I know that similar questions to this have been asked sometimes: Openmp array reductions with Fortran, Reducing on array in OpenMP, even in Intel forums (https://software.intel.com/en-us/forums/intel-moderncode-for-parallel-architectures/topic/345415) but I would like to know your opinion because the scalability that I get is not the one that I expect.
So I need to fill a really large array of complex numbers, which I would like to parallelize with OpenMP. Our first approach is this one:
COMPLEX(KIND=DBL), ALLOCATABLE :: huge_array(:)
COMPLEX(KIND=DBL), ALLOCATABLE :: thread_huge_array(:)
INTEGER :: huge_number, index1, index2, index3, index4, index5, bignumber1, bignumber2, smallnumber, depending_index
ALLOCATE(huge_array(huge_number))
!$OMP PARALLEL FIRSTPRIVATE(thread_huge_array)

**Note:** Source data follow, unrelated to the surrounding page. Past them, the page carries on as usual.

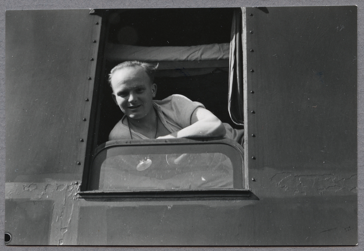 Titel: Skadad tysk soldat ombord på tåg i Hallsberg.
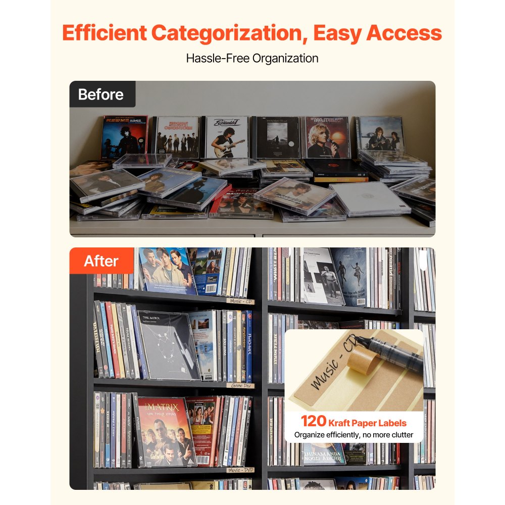 Přehledné a organizované úložné prostory: Tato skříňka na CD obsahuje samolepky z kraftového papíru, takže si můžete každou přihrádku označit podle sebe. Snadno tříděte a identifikujte sběratelské předměty na první pohled, takže vaše sbírka médií bude vždy úhledně uspořádaná.
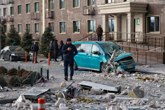 Residents of a multi-storey residential building damaged by a Russian drone attack take photos with their phones of a courtyard strewn with glass and stones in Odesa, Ukraine, on January 19, 2026, Credit:Nina Liashonok / Avalon
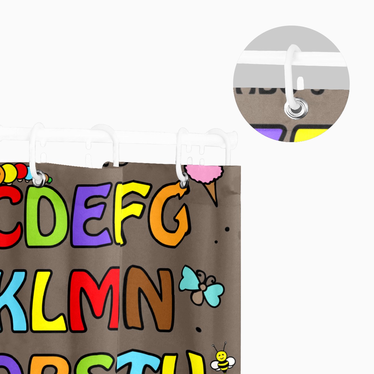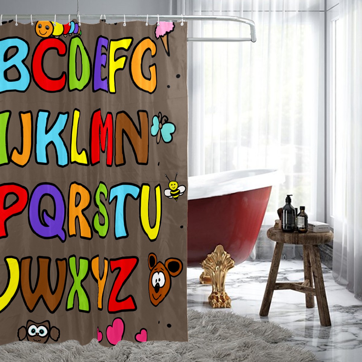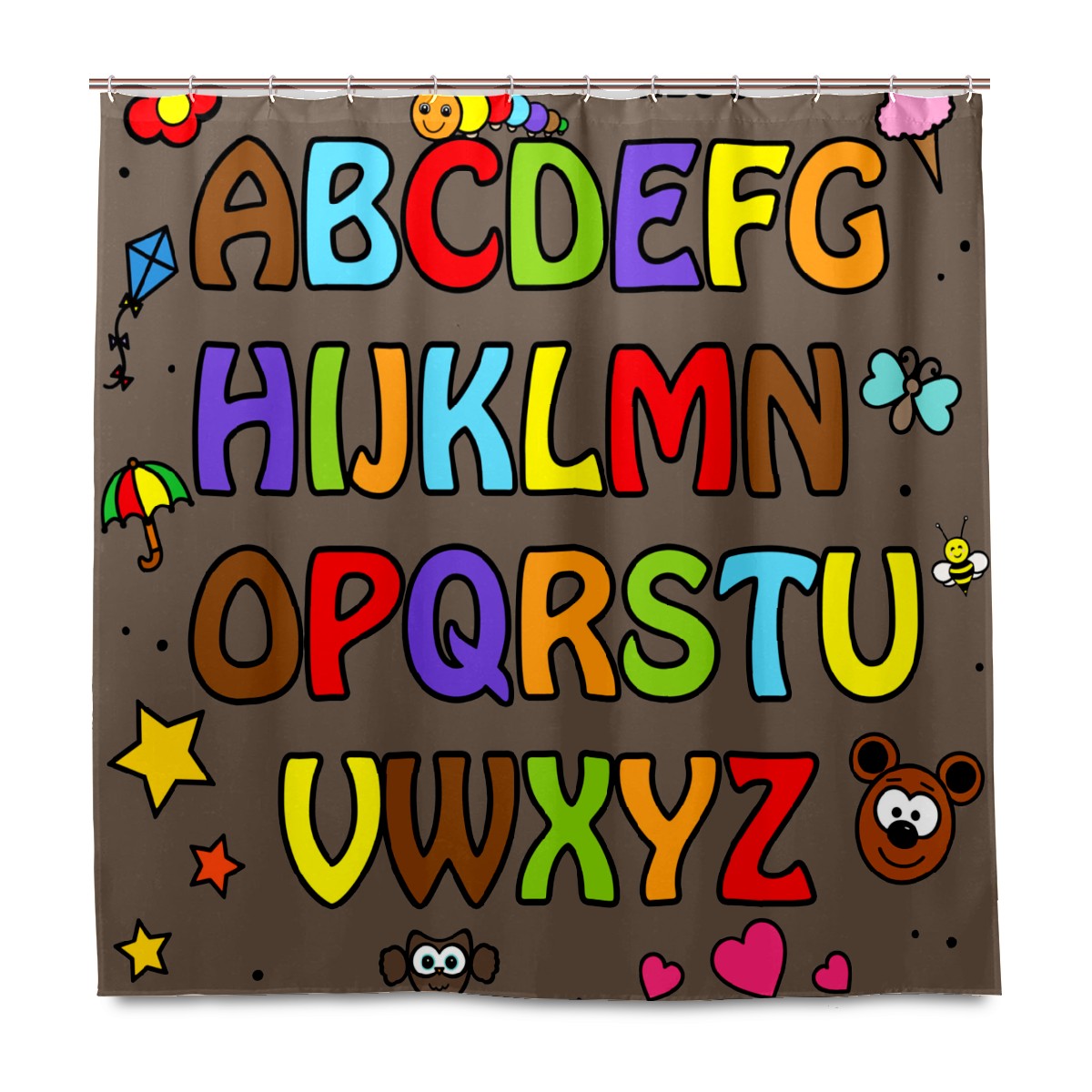 Shower Curtains for Bathroom Cartoon Educational Alphabet Waterproof Polyester Fabric 60 x 72 inches Decor Bathroom Curtains for Girls Boys with 12 Hooks

ALLOCATE(thread_huge_array(SIZE(huge_array)))
thread_huge_array = ZERO
!$OMP DO
DO index1=1,bignumber1
! Some calculations
DO index2=1,bignumber2
! Some calculations
DO index3=1,6
DO index4=1,6
DO index5=1,smallnumber
depending_index = function(index1, index2, index3, index4, index5)
thread_huge_array(depending_index) = thread_huge_array(depending_index)
ENDDO
ENDDO
ENDDO
ENDDO
ENDDO
!$OMP END DO
!$OMP BARRIER
!$OMP MASTER
huge_array = ZERO
!$OMP END MASTER
!$OMP CRITICAL
huge_array = huge_array + thread_huge_array
!$OMP END CRITICAL
DEALLOCATE(thread_huge_array)
!$OMP END PARALLEL
So, with that approach, we get good scalability until 8 cores, reasonable scalability until 32 cores and from 40 cores, it is slower than with 16 cores (we have a machine with 80 physical cores). Of course, we cannot use REDUCTION clause because the size of the array is so big that it doesn't fit in the stack (even increasing ulimit to the maximum allowed in the machine).
We have tried a different approach with this one:
COMPLEX(KIND=DBL), ALLOCATABLE :: huge_array(:)
COMPLEX(KIND=DBL), POINTER:: thread_huge_array(:)
INTEGER :: huge_number
ALLOCATE(huge_array(huge_number))
ALLOCATE(thread_huge_array(SIZE(huge_array),omp_get_max_threads()))
thread_huge_array = ZERO
!$OMP PARALLEL PRIVATE (num_thread)
num_thread = omp_get_thread_num()+1
!$OMP DO
DO index1=1,bignumber1
! Some calculations
DO index2=1,bignumber2
! Some calculations
DO index3=1,6
DO index4=1,num_weights_sp
DO index5=1,smallnumber
depending_index = function(index1, index2, index3, index4, index5)
thread_huge_array(depending_index, omp_get_thread_num()) = thread_huge_array(depending_index, omp_get_thread_num())
ENDDO
ENDDO
ENDDO
ENDDO
ENDDO
!$OMP END DO
!$OMP END PARALLEL
huge_array = ZERO
DO index_ii = 1,omp_get_max_threads()
huge_array = huge_array + thread_huge_array(:,index_ii)
ENDDO
DEALLOCATE(thread_huge_array)
DEALLOCATE(huge_array)
And in this last case, we obtain longer times for the method (due to the allocation of the memory, which is much bigger) and worse relative acceleration.
Can you provide some hints to achieve a better acceleration? Or is it impossible with these huge arrays with OpenMP?